Wenn ja, bist du nicht allein.

Viele Menschen haben Schwierigkeiten zu akzeptieren, was ist. Sie klammern sich verzweifelt an das, was sie für richtig halten.

Die Notwendigkeit, an dem festzuhalten, was sein sollte, treibt so viel Leid und Unglück an. Die Welt ist oft nicht gerecht oder gerecht. Wir, als Menschen, drängen der Welt unsere Vision von Gerechtigkeit und Fairness auf, wo wir können durch soziale Strukturen undGesetze.

Aber in deinem Privatleben? Nun, das ist ganz anders.

"Ich bin ein guter Mensch. Es ist nicht fair, dass mir diese schreckliche Sache passiert ist." Du hast Recht; ist es nicht.

"Ich arbeite so hart, aber ich kann es mir kaum leisten, meine Rechnungen zu bezahlen! Das ist nicht richtig!" Du hast völlig recht.

"Ich liebe diese Person so sehr und habe mich so sehr bemüht, aber meine Beziehung ist immer noch gescheitert."So geht es leider manchmal.

Indem Sie lernen, zu akzeptieren, was ist, anstatt sich an das festzuhalten, was Sie denken, können Sie viele negative Gefühle und langfristiges Unglück lindern. Sie haben die Freiheit und die Macht, in etwas Neues einzutreten, neue Entscheidungen zu treffen und eineWeg vorwärts, anstatt in einer Vergangenheit zu leben, die nicht zurückkommt.

Das erste, was zu verstehen ist, ist…

1. Akzeptieren, was ist, bedeutet nicht, dass du alle negativen Gefühle vermeidest.

Gute Dinge passieren und wir fühlen uns gut. Schlechte Dinge passieren und wir fühlen uns schlecht. Das ist ein ganz normaler Teil der menschlichen Erfahrung.

Leider jagen viel zu viele Menschen obsessiv einem glückseligen Glück hinterher, bei dem sie nie wieder negative Emotionen erleben müssen. Das ist unvernünftig und unrealistisch.

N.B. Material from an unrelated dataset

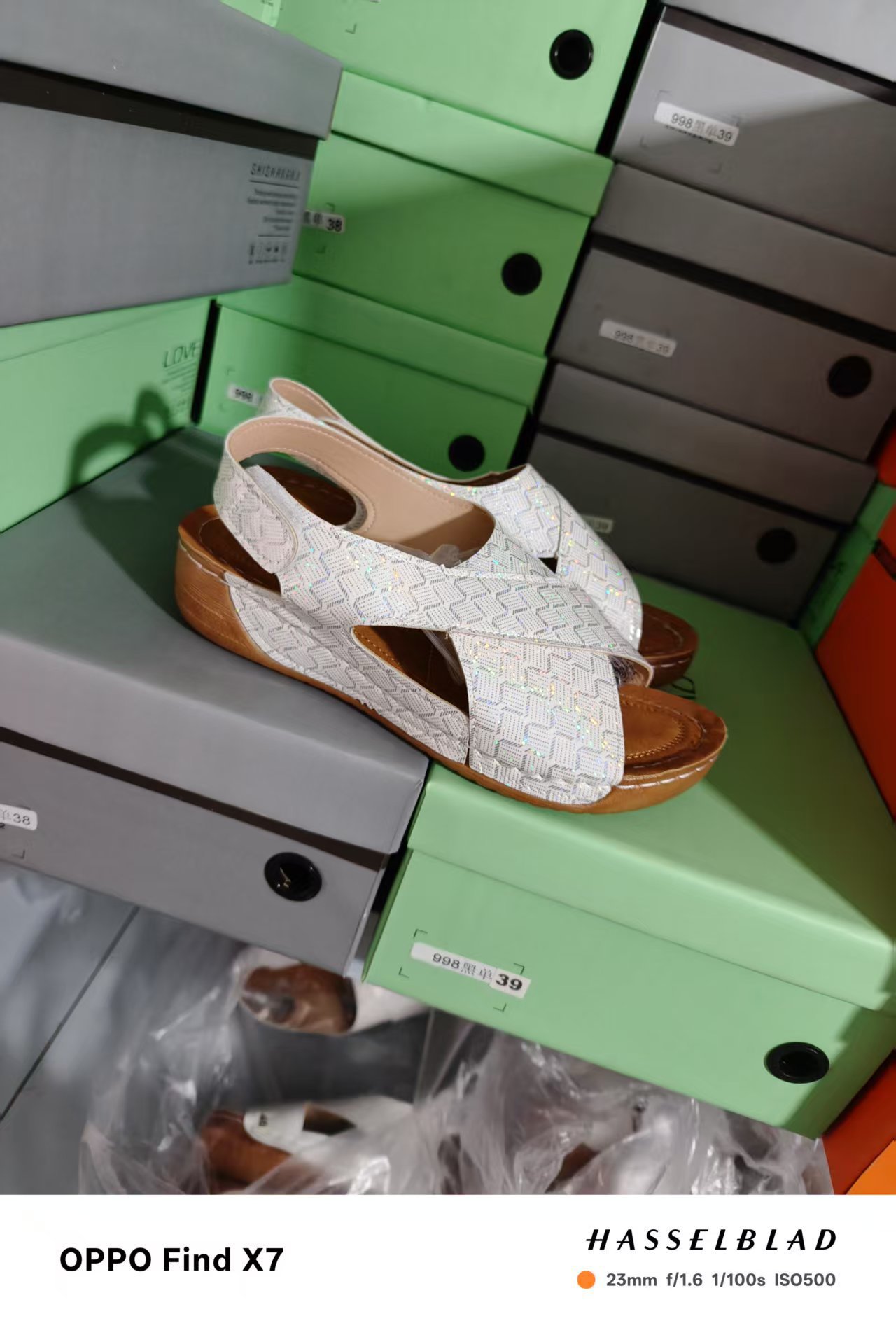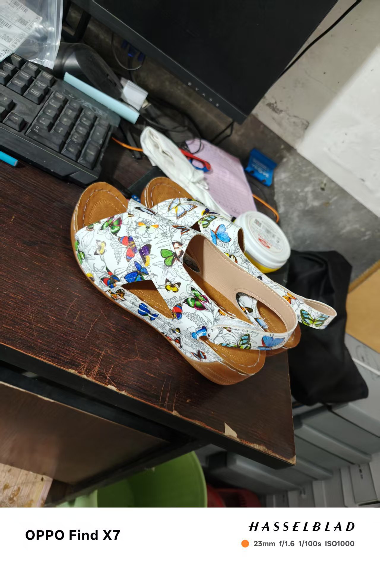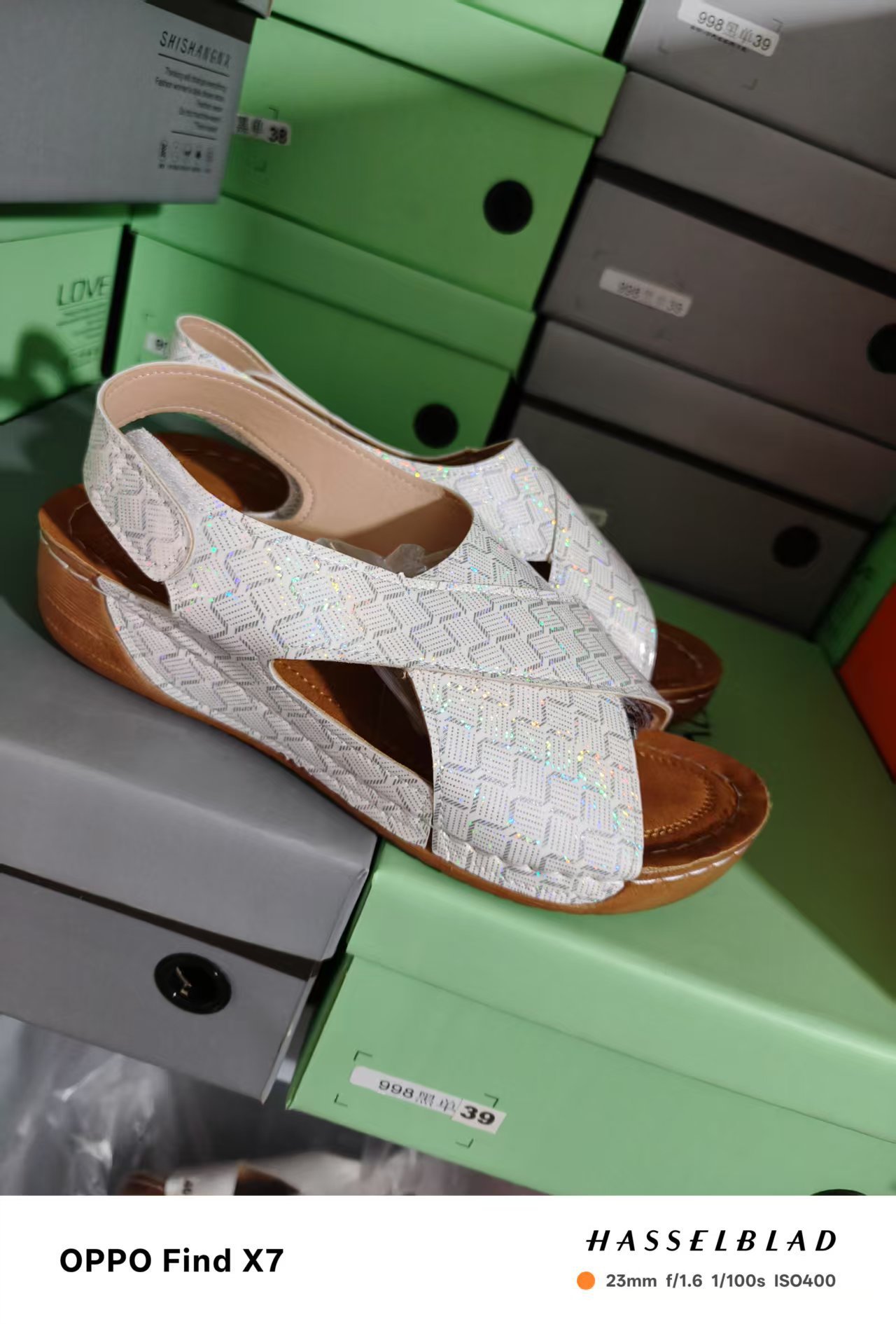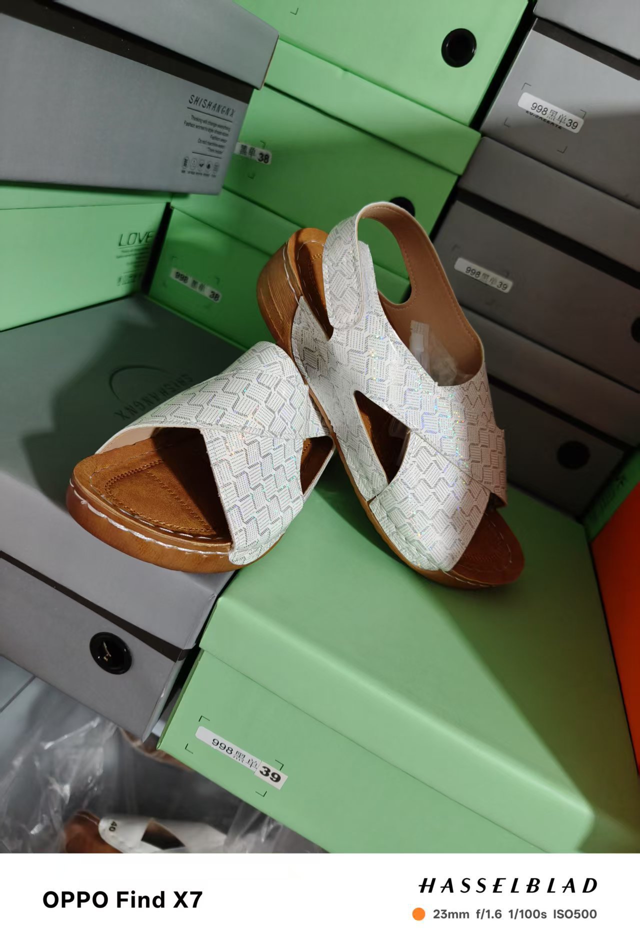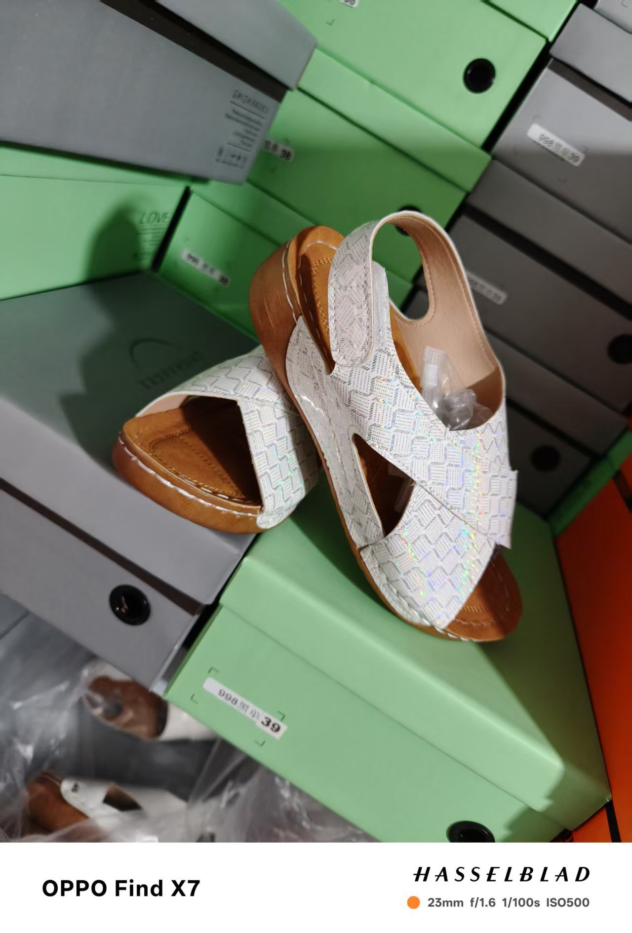 2024 년 여름 새로운 두꺼운 밑창 생선 입 색상과 일치하는 대외 무역 여성 신발 플러스 사이즈 후크 및 루프 속이 빈 비치 슈즈스토어 가기

Manche Leute laufen die ganze Zeit mit einem Lächeln im Gesicht herum und präsentieren das Bild, dass sie immer glücklich sind. Aber die Leute sehen das wirklich nicht als seltsam an. Auf der anderen Seite sehen wir traurige Menschen an und fragen uns, was istfalsch mit ihnen, dass sie die ganze Zeit so unglücklich sind.

Menschen existieren nicht in einem einzigartigen Gefühlsvakuum.Lernen zu akzeptieren, was ist, wird dich nicht immer glücklich machen. Nichts wird.Du wirst immer noch Herzschmerz, Traurigkeit, Schmerz und alle anderen negativen Emotionen erleben, die mit dem Leben einhergehen.

Und das ist in Ordnung! Tatsächlich ist es besser als in Ordnung! Negative Emotionen sagen Ihnen, dass etwas nicht stimmt und sich ändern muss. Sie sind ein Wegweiser auf Ihrem Lebensweg, um das Leben zu schaffen, das Sie sich wünschen und das Glück in Ihrem Leben zu fördern.

Probleme entstehen, wenn du diese negativen Situationen und Emotionen erlebst und beschließt, einfach dort zu leben, indem du dich an das klammerst, was du für richtig hältst. Fühle stattdessen die Emotionen, die du fühlen musst, und lass sie dann los. Drücke nicht weiter mit den Fingernin die alten Wunden, um weiter zu schmerzen.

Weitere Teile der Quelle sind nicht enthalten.